Computational modelling is the use of computers to simulate and study the behaviour of complex systems.
Computational approaches are widely adopted in the bioimedical sciences and can be used to sift through large volumes of complex data to extract recurrent patterns that may point to a disease’s causes and effects.
Researchers from Boston University School of Medicine (BUSM) have developed a novel computational method, integration of Epi-DNA and Gene Expression (iEDGE), whose application to the analysis of more than 8,500 tumour profiles from The Cancer Genome Atlas has led to the discovery of genes whose alteration (mutation or copy number alteration) may contribute to cancer susceptibility.
This breakthrough may lead to new therapeutic targets for numerous cancers.
According to the researchers, iEDGE identified several candidate breast cancer drivers, including RBM17 (a splicing factor amplified in Triple-Negative Breast Cancer) and SIRT3 (a candidate tumour suppressor and a promising therapeutic target).
It also identified multiple candidate pan-cancer drivers, including TRIP13 (previously shown to promote tumour growth in colorectal cancer and a predictor of poor prognosis in prostate cancer), ORAOV1 (a gene overexpressed in many solid tumours), and TPX2 (a potent oncogene amplified in many cancers and a promising therapeutic target), among others.

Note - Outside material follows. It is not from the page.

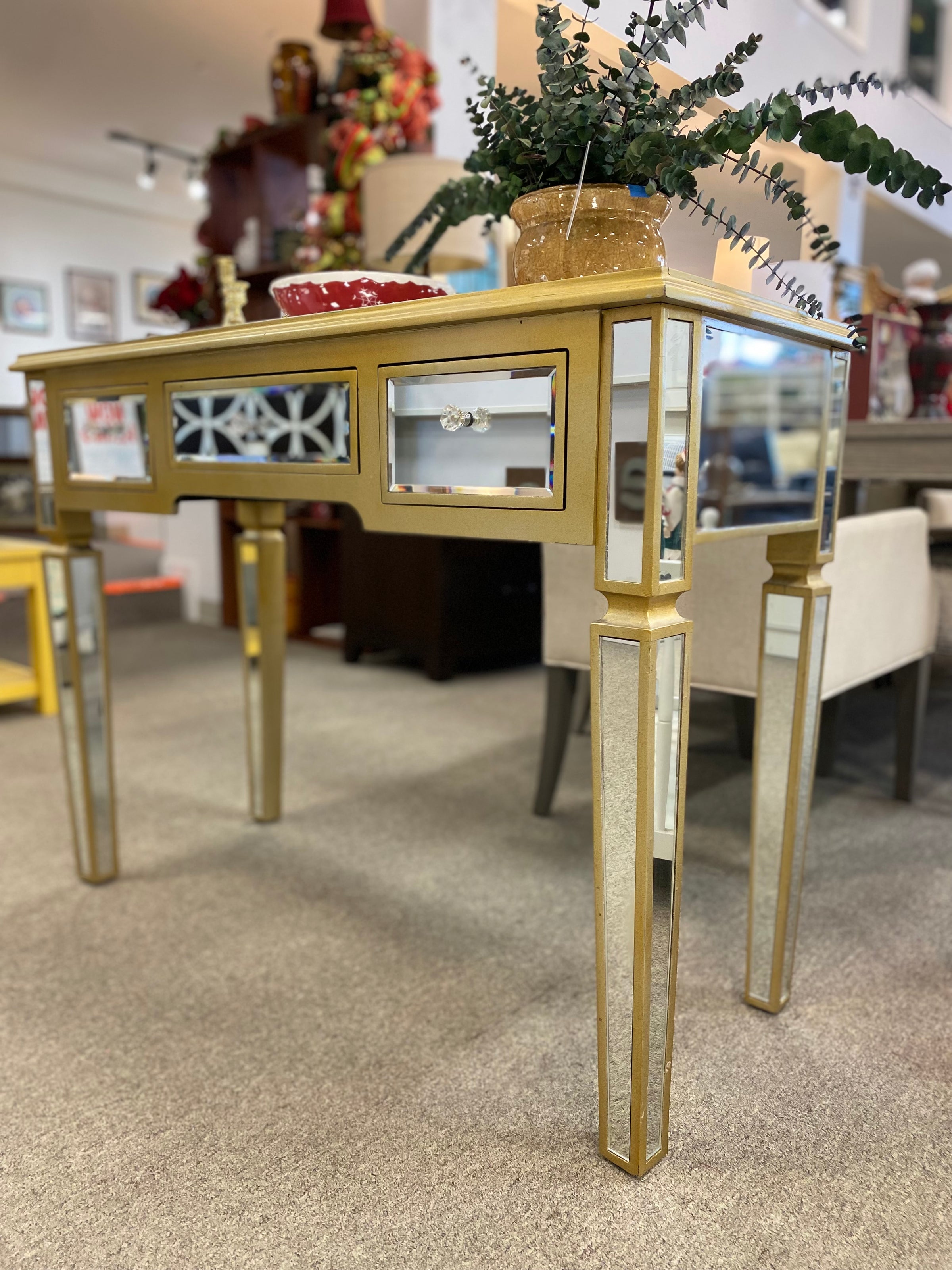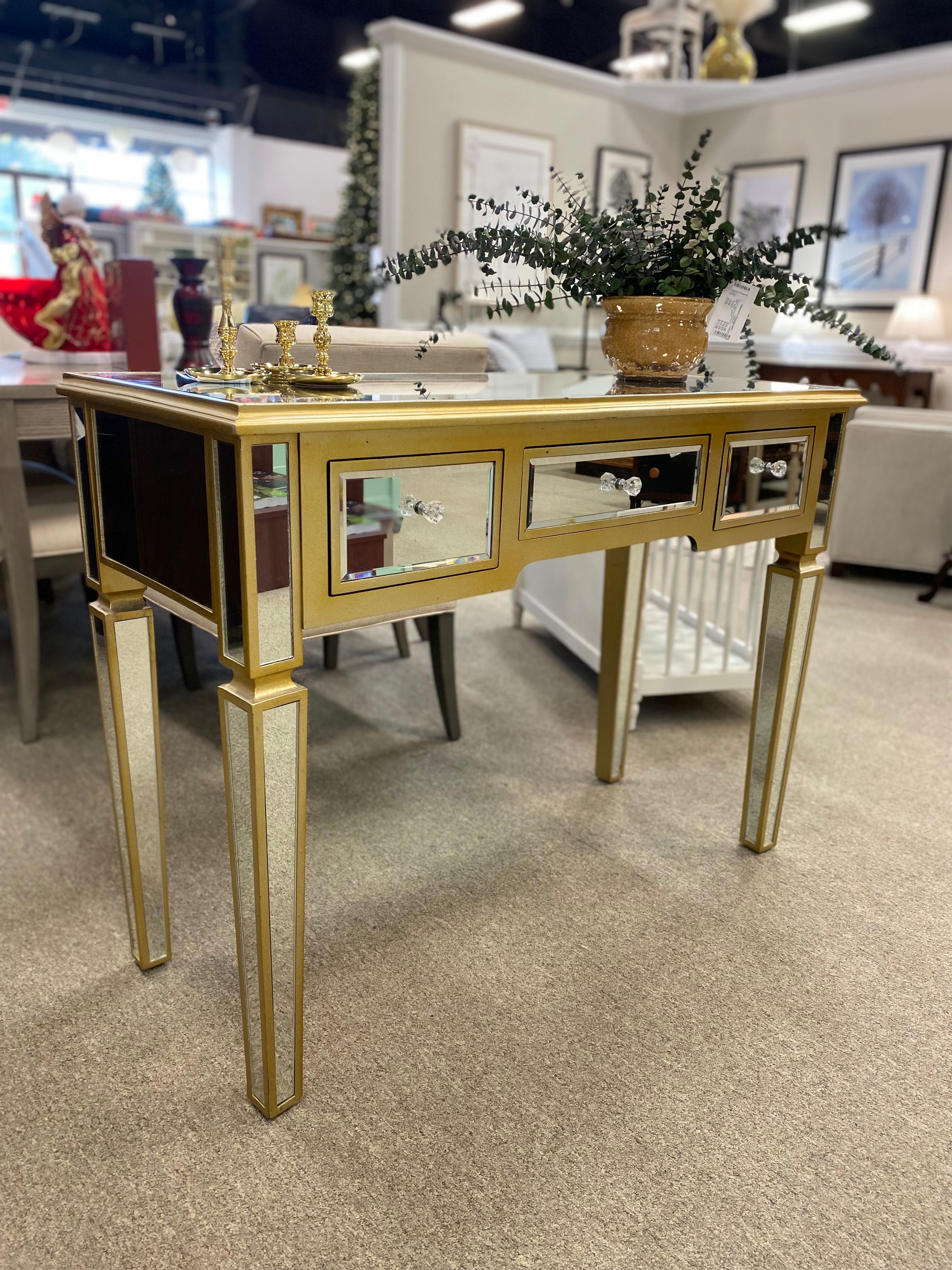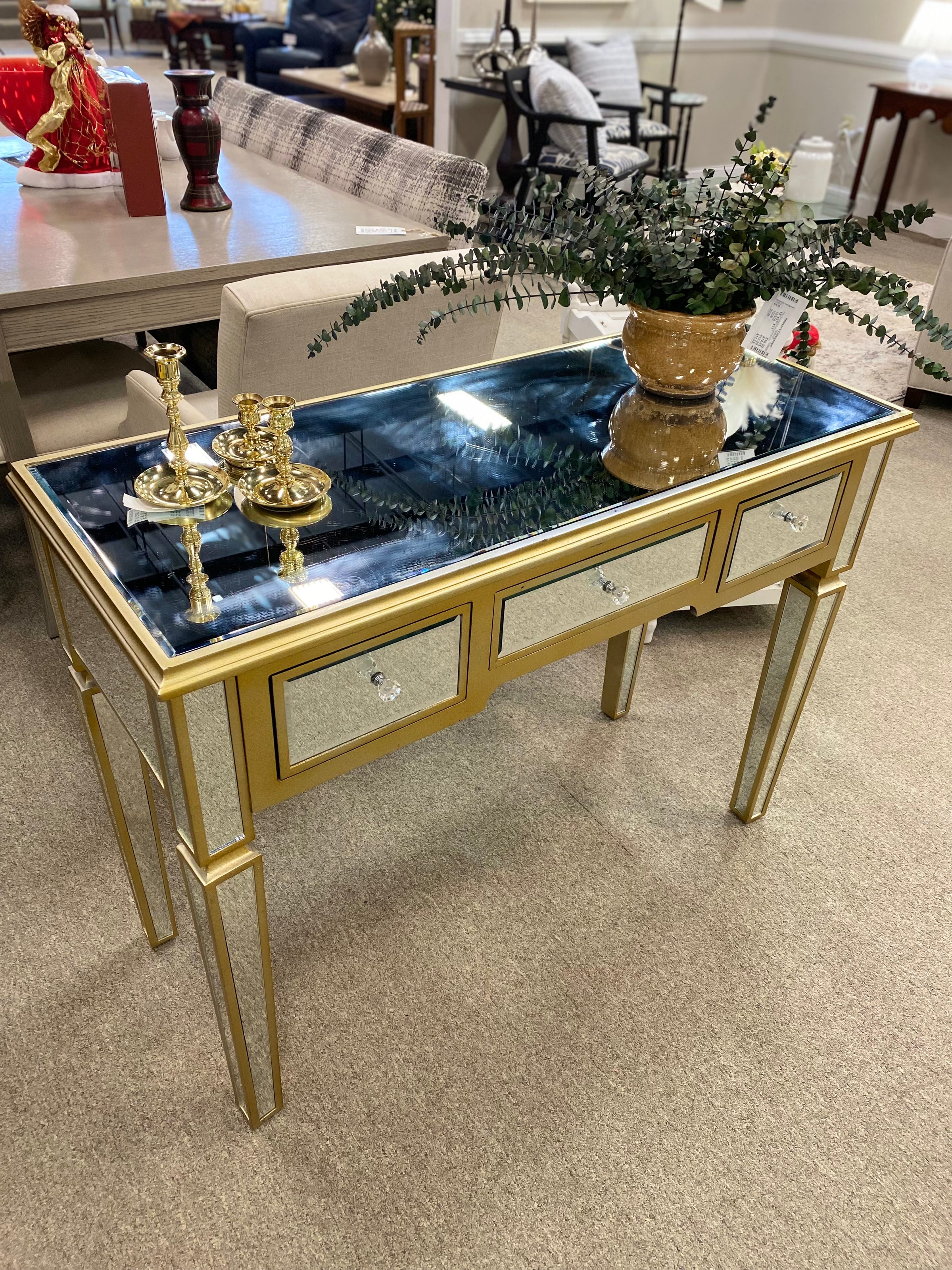 Mirrored & Gold Console with 3 DRW

“While further functional studies will be needed to evaluate the therapeutic relevance of our findings, these results study show the efficacy of iEDGE at identifying candidate drivers and potentially novel targets for therapy,” explained corresponding author Stefano Monti, PhD, associate professor of medicine at BUSM.
The open source tool iEDGE is freely downloadable and biomedical scientists are able to apply it to the analysis of their own data to advance their research.
As a companion to the published findings, a web-based portal for the interactive querying and visualisation of the study’s results is hosted at montilab.bu.edu/iEDGE.
“Through the web-based portal, all the data and results of our pan-cancer analysis are accessible to the research community, who can search for gene candidates and for their potential mechanisms of action, and thus support their translational research toward more effective cancer treatments,” added first author Amy Li, PhD, a graduate from the Boston University Bioinformatics PhD program.